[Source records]

- Opening Delimiter -

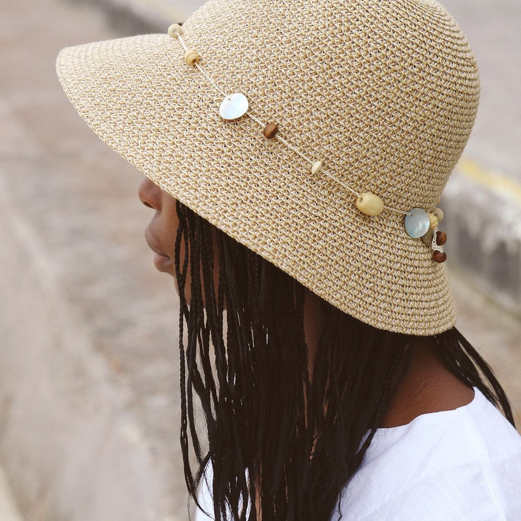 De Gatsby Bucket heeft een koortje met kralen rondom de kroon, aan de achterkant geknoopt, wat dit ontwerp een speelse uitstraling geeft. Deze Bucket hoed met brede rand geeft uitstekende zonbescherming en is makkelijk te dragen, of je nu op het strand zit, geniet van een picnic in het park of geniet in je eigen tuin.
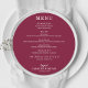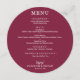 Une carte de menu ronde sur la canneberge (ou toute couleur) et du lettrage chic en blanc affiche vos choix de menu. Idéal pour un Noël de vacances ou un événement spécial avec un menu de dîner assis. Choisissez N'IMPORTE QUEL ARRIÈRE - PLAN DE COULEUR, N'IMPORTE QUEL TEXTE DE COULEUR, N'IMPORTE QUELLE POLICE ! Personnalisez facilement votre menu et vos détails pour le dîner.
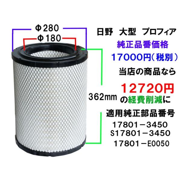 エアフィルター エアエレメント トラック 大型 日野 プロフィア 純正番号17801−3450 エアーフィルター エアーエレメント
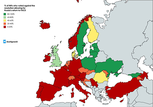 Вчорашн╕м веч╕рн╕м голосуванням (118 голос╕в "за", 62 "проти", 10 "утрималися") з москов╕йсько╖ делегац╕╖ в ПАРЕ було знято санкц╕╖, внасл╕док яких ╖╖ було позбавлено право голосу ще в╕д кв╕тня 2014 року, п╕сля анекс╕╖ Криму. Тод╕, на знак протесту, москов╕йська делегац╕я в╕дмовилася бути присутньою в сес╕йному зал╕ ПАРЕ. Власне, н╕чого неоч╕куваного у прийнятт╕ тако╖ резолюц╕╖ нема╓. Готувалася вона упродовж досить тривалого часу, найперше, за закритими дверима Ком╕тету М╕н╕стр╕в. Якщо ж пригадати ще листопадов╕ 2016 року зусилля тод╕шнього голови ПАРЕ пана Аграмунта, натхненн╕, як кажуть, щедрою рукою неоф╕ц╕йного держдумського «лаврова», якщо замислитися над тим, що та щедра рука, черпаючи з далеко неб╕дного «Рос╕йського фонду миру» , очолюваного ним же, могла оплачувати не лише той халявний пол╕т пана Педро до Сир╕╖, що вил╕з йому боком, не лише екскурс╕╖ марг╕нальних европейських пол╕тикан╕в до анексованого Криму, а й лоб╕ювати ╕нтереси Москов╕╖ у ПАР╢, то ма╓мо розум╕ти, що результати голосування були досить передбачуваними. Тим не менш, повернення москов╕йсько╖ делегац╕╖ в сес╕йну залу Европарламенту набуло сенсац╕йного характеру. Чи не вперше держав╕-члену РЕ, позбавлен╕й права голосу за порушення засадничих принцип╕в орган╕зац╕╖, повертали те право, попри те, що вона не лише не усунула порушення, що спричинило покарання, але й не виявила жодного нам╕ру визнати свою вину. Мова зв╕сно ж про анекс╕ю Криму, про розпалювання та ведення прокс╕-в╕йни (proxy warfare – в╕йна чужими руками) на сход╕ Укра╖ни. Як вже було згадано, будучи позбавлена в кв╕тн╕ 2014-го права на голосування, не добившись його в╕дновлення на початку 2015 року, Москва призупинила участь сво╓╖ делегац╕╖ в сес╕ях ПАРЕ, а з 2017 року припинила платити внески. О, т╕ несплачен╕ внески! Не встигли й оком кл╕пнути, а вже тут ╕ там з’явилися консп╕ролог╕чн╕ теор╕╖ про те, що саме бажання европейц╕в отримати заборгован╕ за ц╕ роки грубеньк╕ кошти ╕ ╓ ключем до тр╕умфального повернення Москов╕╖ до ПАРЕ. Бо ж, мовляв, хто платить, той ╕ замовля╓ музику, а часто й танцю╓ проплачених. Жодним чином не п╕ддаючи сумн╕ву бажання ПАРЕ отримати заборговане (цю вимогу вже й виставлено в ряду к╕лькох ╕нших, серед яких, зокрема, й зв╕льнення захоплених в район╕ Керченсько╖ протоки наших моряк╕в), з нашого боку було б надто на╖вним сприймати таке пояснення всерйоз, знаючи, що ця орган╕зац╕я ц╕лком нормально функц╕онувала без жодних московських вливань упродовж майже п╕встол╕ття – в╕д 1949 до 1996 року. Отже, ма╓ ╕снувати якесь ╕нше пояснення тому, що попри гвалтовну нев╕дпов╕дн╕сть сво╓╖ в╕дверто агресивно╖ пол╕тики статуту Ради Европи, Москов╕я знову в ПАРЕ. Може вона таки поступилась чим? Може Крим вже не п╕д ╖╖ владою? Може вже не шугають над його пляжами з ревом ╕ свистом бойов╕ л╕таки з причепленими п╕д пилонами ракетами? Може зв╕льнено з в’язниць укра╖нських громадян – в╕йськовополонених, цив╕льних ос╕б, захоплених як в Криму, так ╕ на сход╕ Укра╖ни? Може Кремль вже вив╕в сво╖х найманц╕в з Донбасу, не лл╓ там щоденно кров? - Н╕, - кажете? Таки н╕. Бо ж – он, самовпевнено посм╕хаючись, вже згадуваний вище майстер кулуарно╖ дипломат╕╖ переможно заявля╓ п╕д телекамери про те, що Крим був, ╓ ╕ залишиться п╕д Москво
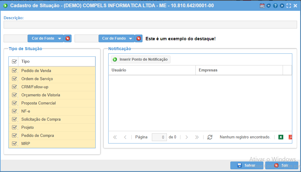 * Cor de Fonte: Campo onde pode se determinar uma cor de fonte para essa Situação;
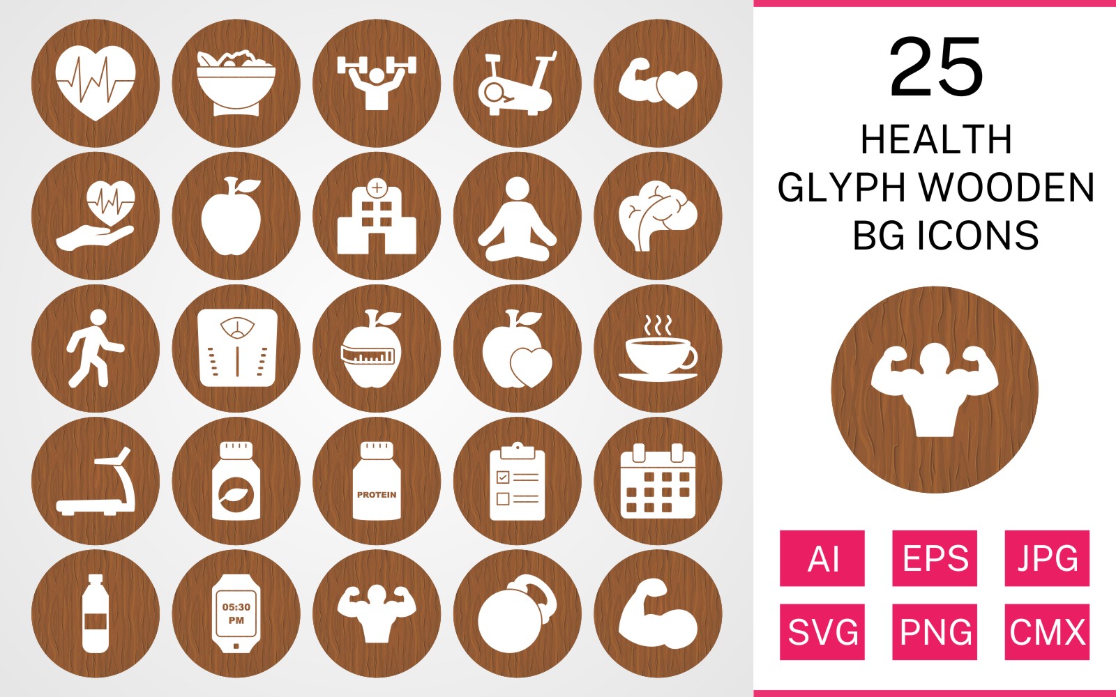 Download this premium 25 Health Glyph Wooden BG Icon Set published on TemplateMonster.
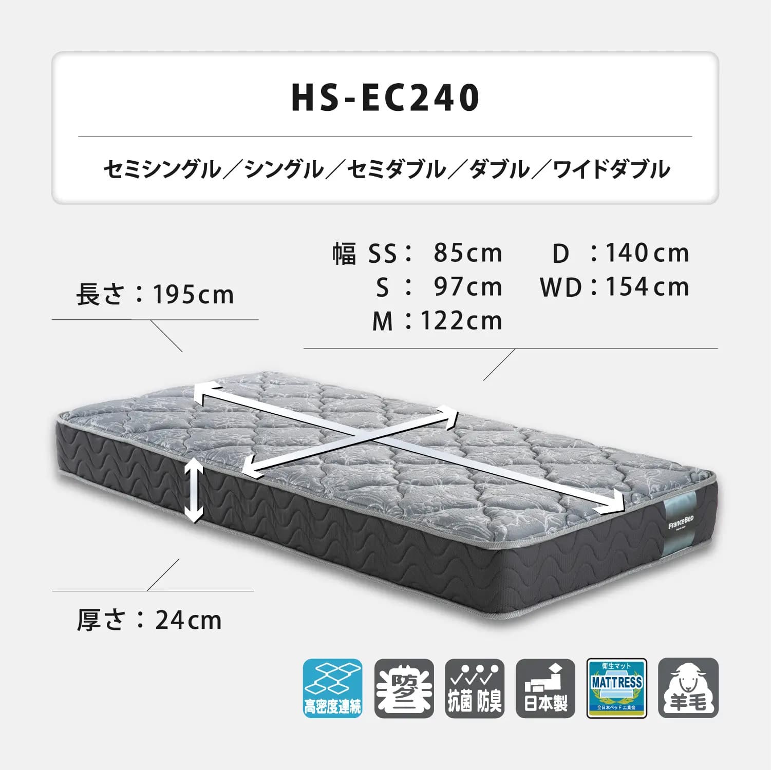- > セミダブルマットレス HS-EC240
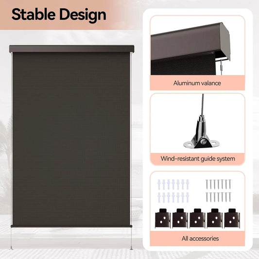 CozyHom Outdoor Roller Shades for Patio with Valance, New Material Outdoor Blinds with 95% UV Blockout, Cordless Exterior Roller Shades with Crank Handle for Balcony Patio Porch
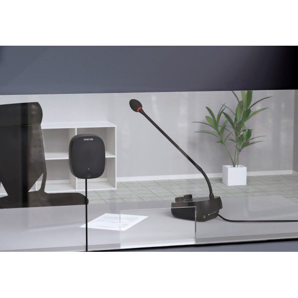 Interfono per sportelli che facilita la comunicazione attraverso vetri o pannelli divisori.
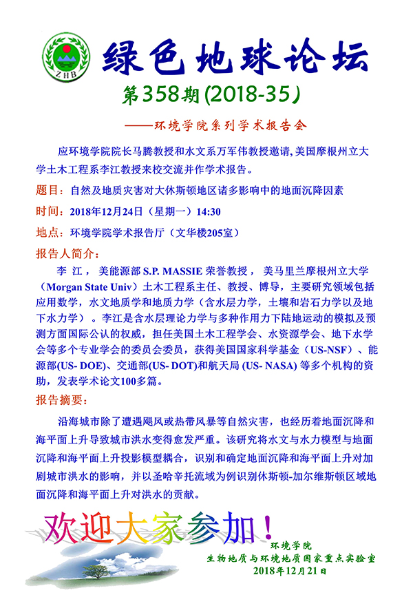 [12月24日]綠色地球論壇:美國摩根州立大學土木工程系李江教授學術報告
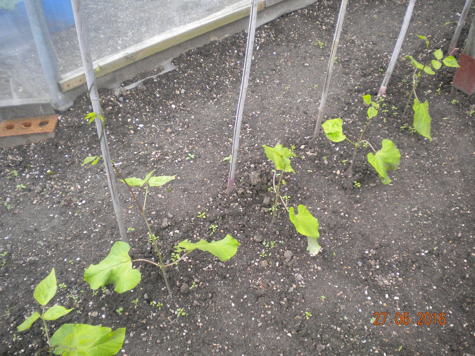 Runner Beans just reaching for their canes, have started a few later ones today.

- Closing Delimiter -

[Task instructions] Return every record above exactly as written, but drop the pictures.

[Task answer]
 De Gatsby Bucket heeft een koortje met kralen rondom de kroon, aan de achterkant geknoopt, wat dit ontwerp een speelse uitstraling geeft. Deze Bucket hoed met brede rand geeft uitstekende zonbescherming en is makkelijk te dragen, of je nu op het strand zit, geniet van een picnic in het park of geniet in je eigen tuin.
 Une carte de menu ronde sur la canneberge (ou toute couleur) et du lettrage chic en blanc affiche vos choix de menu. Idéal pour un Noël de vacances ou un événement spécial avec un menu de dîner assis. Choisissez N'IMPORTE QUEL ARRIÈRE - PLAN DE COULEUR, N'IMPORTE QUEL TEXTE DE COULEUR, N'IMPORTE QUELLE POLICE ! Personnalisez facilement votre menu et vos détails pour le dîner.
 エアフィルター エアエレメント トラック 大型 日野 プロフィア 純正番号17801−3450 エアーフィルター エアーエレメント
 Вчорашн╕м веч╕рн╕м голосуванням (118 голос╕в "за", 62 "проти", 10 "утрималися") з москов╕йсько╖ делегац╕╖ в ПАРЕ було знято санкц╕╖, внасл╕док яких ╖╖ було позбавлено право голосу ще в╕д кв╕тня 2014 року, п╕сля анекс╕╖ Криму. Тод╕, на знак протесту, москов╕йська делегац╕я в╕дмовилася бути присутньою в сес╕йному зал╕ ПАРЕ. Власне, н╕чого неоч╕куваного у прийнятт╕ тако╖ резолюц╕╖ нема╓. Готувалася вона упродовж досить тривалого часу, найперше, за закритими дверима Ком╕тету М╕н╕стр╕в. Якщо ж пригадати ще листопадов╕ 2016 року зусилля тод╕шнього голови ПАРЕ пана Аграмунта, натхненн╕, як кажуть, щедрою рукою неоф╕ц╕йного держдумського «лаврова», якщо замислитися над тим, що та щедра рука, черпаючи з далеко неб╕дного «Рос╕йського фонду миру» , очолюваного ним же, могла оплачувати не лише той халявний пол╕т пана Педро до Сир╕╖, що вил╕з йому боком, не лише екскурс╕╖ марг╕нальних европейських пол╕тикан╕в до анексованого Криму, а й лоб╕ювати ╕нтереси Москов╕╖ у ПАР╢, то ма╓мо розум╕ти, що результати голосування були досить передбачуваними. Тим не менш, повернення москов╕йсько╖ делегац╕╖ в сес╕йну залу Европарламенту набуло сенсац╕йного характеру. Чи не вперше держав╕-члену РЕ, позбавлен╕й права голосу за порушення засадничих принцип╕в орган╕зац╕╖, повертали те право, попри те, що вона не лише не усунула порушення, що спричинило покарання, але й не виявила жодного нам╕ру визнати свою вину. Мова зв╕сно ж про анекс╕ю Криму, про розпалювання та ведення прокс╕-в╕йни (proxy warfare – в╕йна чужими руками) на сход╕ Укра╖ни. Як вже було згадано, будучи позбавлена в кв╕тн╕ 2014-го права на голосування, не добившись його в╕дновлення на початку 2015 року, Москва призупинила участь сво╓╖ делегац╕╖ в сес╕ях ПАРЕ, а з 2017 року припинила платити внески. О, т╕ несплачен╕ внески! Не встигли й оком кл╕пнути, а вже тут ╕ там з’явилися консп╕ролог╕чн╕ теор╕╖ про те, що саме бажання европейц╕в отримати заборгован╕ за ц╕ роки грубеньк╕ кошти ╕ ╓ ключем до тр╕умфального повернення Москов╕╖ до ПАРЕ. Бо ж, мовляв, хто платить, той ╕ замовля╓ музику, а часто й танцю╓ проплачених. Жодним чином не п╕ддаючи сумн╕ву бажання ПАРЕ отримати заборговане (цю вимогу вже й виставлено в ряду к╕лькох ╕нших, серед яких, зокрема, й зв╕льнення захоплених в район╕ Керченсько╖ протоки наших моряк╕в), з нашого боку було б надто на╖вним сприймати таке пояснення всерйоз, знаючи, що ця орган╕зац╕я ц╕лком нормально функц╕онувала без жодних московських вливань упродовж майже п╕встол╕ття – в╕д 1949 до 1996 року. Отже, ма╓ ╕снувати якесь ╕нше пояснення тому, що попри гвалтовну нев╕дпов╕дн╕сть сво╓╖ в╕дверто агресивно╖ пол╕тики статуту Ради Европи, Москов╕я знову в ПАРЕ. Може вона таки поступилась чим? Може Крим вже не п╕д ╖╖ владою? Може вже не шугають над його пляжами з ревом ╕ свистом бойов╕ л╕таки з причепленими п╕д пилонами ракетами? Може зв╕льнено з в’язниць укра╖нських громадян – в╕йськовополонених, цив╕льних ос╕б, захоплених як в Криму, так ╕ на сход╕ Укра╖ни? Може Кремль вже вив╕в сво╖х найманц╕в з Донбасу, не лл╓ там щоденно кров? - Н╕, - кажете? Таки н╕. Бо ж – он, самовпевнено посм╕хаючись, вже згадуваний вище майстер кулуарно╖ дипломат╕╖ переможно заявля╓ п╕д телекамери про те, що Крим був, ╓ ╕ залишиться п╕д Москво
 * Cor de Fonte: Campo onde pode se determinar uma cor de fonte para essa Situação;
 Download this premium 25 Health Glyph Wooden BG Icon Set published on TemplateMonster.
- > セミダブルマットレス HS-EC240
 CozyHom Outdoor Roller Shades for Patio with Valance, New Material Outdoor Blinds with 95% UV Blockout, Cordless Exterior Roller Shades with Crank Handle for Balcony Patio Porch
 Interfono per sportelli che facilita la comunicazione attraverso vetri o pannelli divisori.
 [12月24日]綠色地球論壇:美國摩根州立大學土木工程系李江教授學術報告
 Runner Beans just reaching for their canes, have started a few later ones today.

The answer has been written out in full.